World Grand Prix
- Part of the Players Series

Tournament information
- Venue: Kai Tak Sports Park
- Location: Kowloon City
- Country: Hong Kong
- Established: 2015
- Organisation(s): World Snooker Tour
- Format: Ranking event
- Total prize fund: £700,000
- Winner's share: £180,000
- Recent edition: 2026
- Current champion: Zhao Xintong (CHN)

= World Grand Prix (snooker) =

Snooker tournament

The World Grand Prix is a professional ranking snooker tournament comprising the top 32 players on the one-year ranking list. After the inaugural 2015 edition was staged as a non-ranking event, the tournament became a ranking tournament the following year; the first two editions were staged at the Venue Cymru in Llandudno, Wales. In 2019, the World Grand Prix became one of three tournaments in the Players Series, together with the Players Championship and the Tour Championship. Held at various venues in England between 2017 and 2024, the tournament moved to Hong Kong in 2025, the first time it was staged outside the United Kingdom.

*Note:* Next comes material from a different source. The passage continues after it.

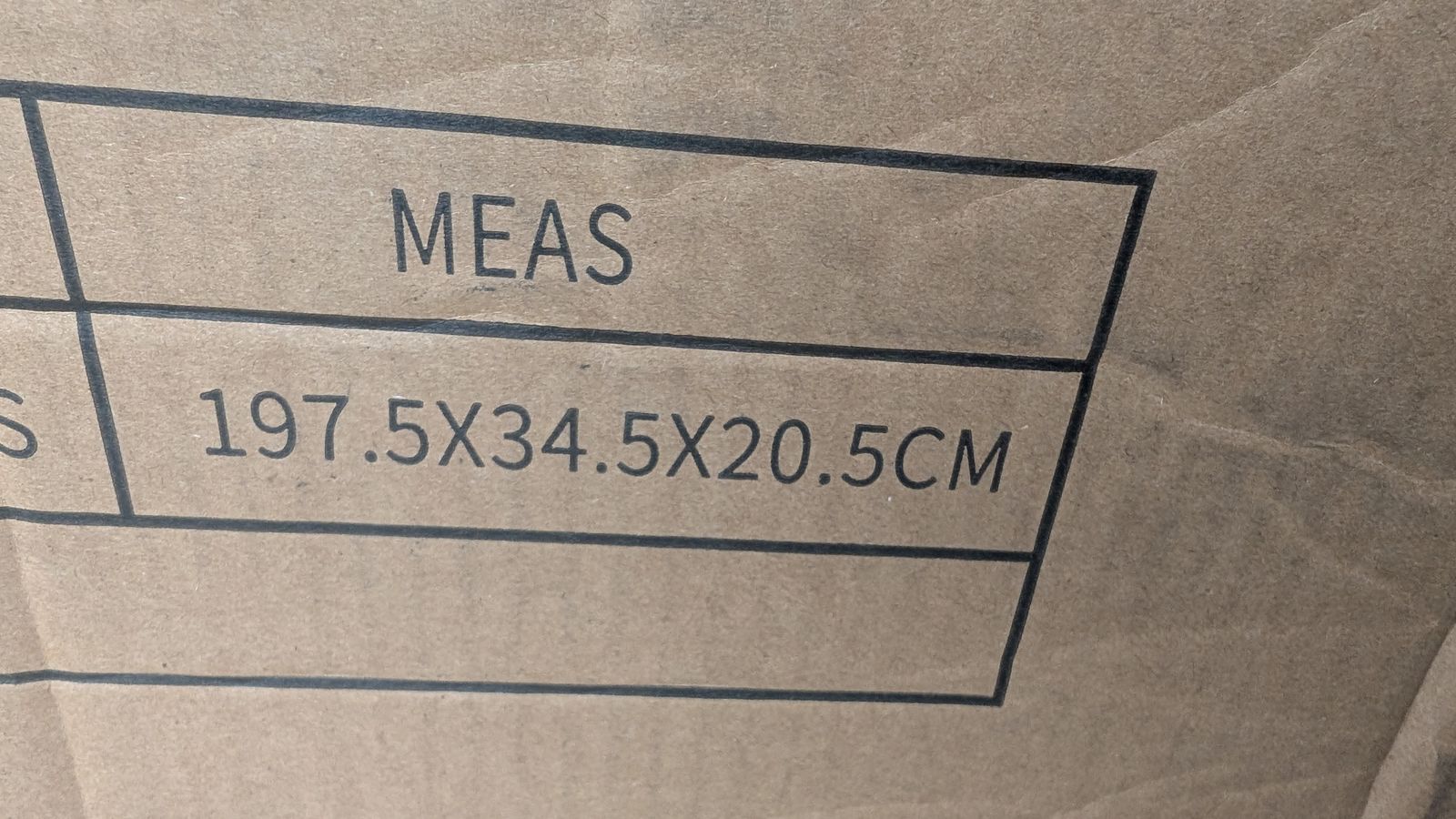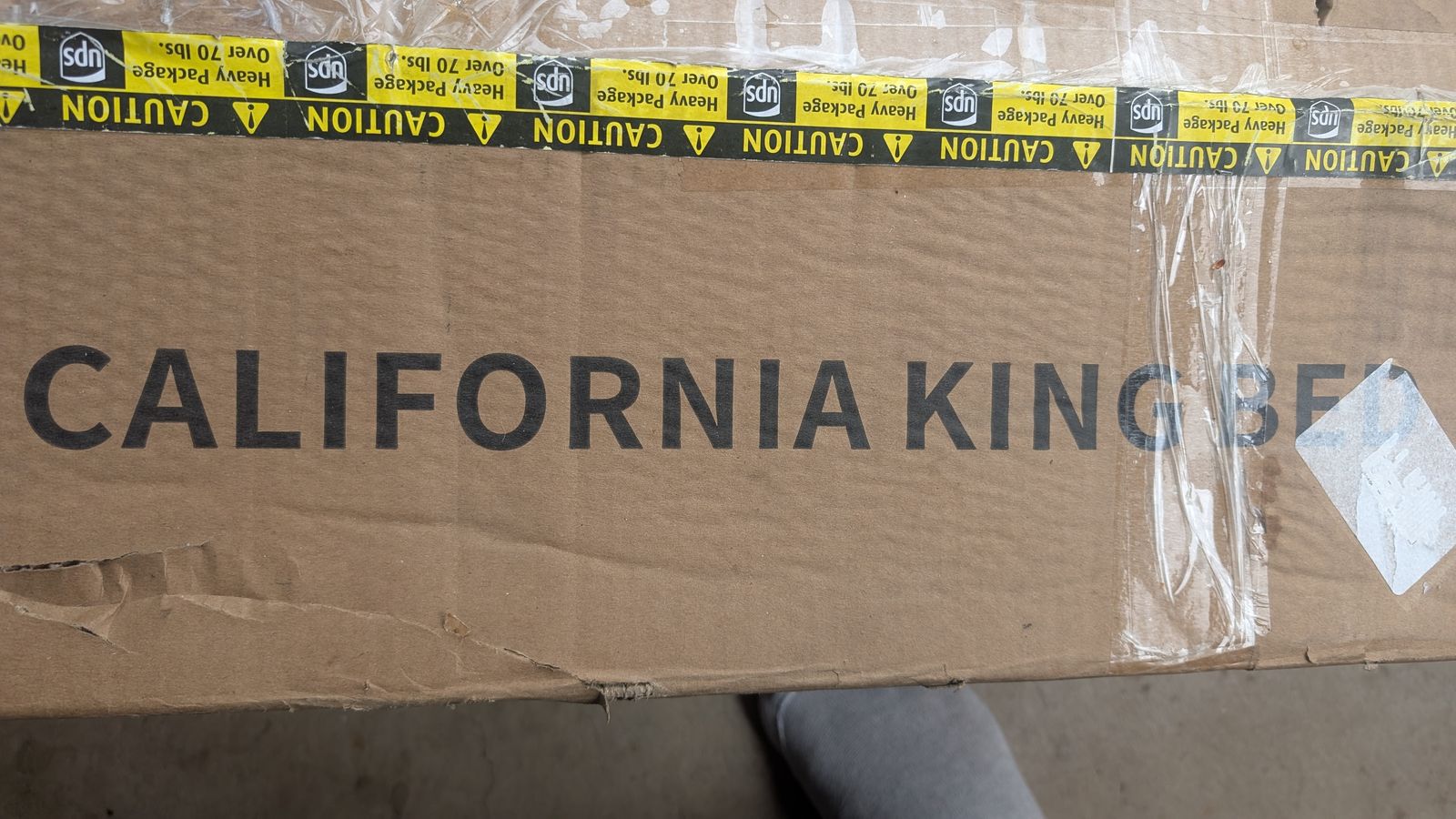 See all pictures. New in box. Smoke free home. California King Bed Frame. You will get item shown in pictures. You will need a truck to pick this up. It's large/oversized in box.

Ronnie O'Sullivan and Judd Trump are the most successful players in the event's history, each having won the title three times. The highest break in the tournament's history is a 146 by Trump at the 2025 event. The reigning champion is Zhao Xintong.

==History==
The World Grand Prix was held as a non-ranking event in March 2015 in Llandudno, Wales, for the top 32 players on the World Grand Prix list. The list was based on a one-year ranking system. From 2016, the World Grand Prix has been held as a ranking event. In 2019, the tournament was included in the newly created Coral Cup, and branded as "Coral World Grand Prix". The sponsor changed to Cazoo in 2021, then to Duelbits in 2023. The series was renamed the Players Series in 2021.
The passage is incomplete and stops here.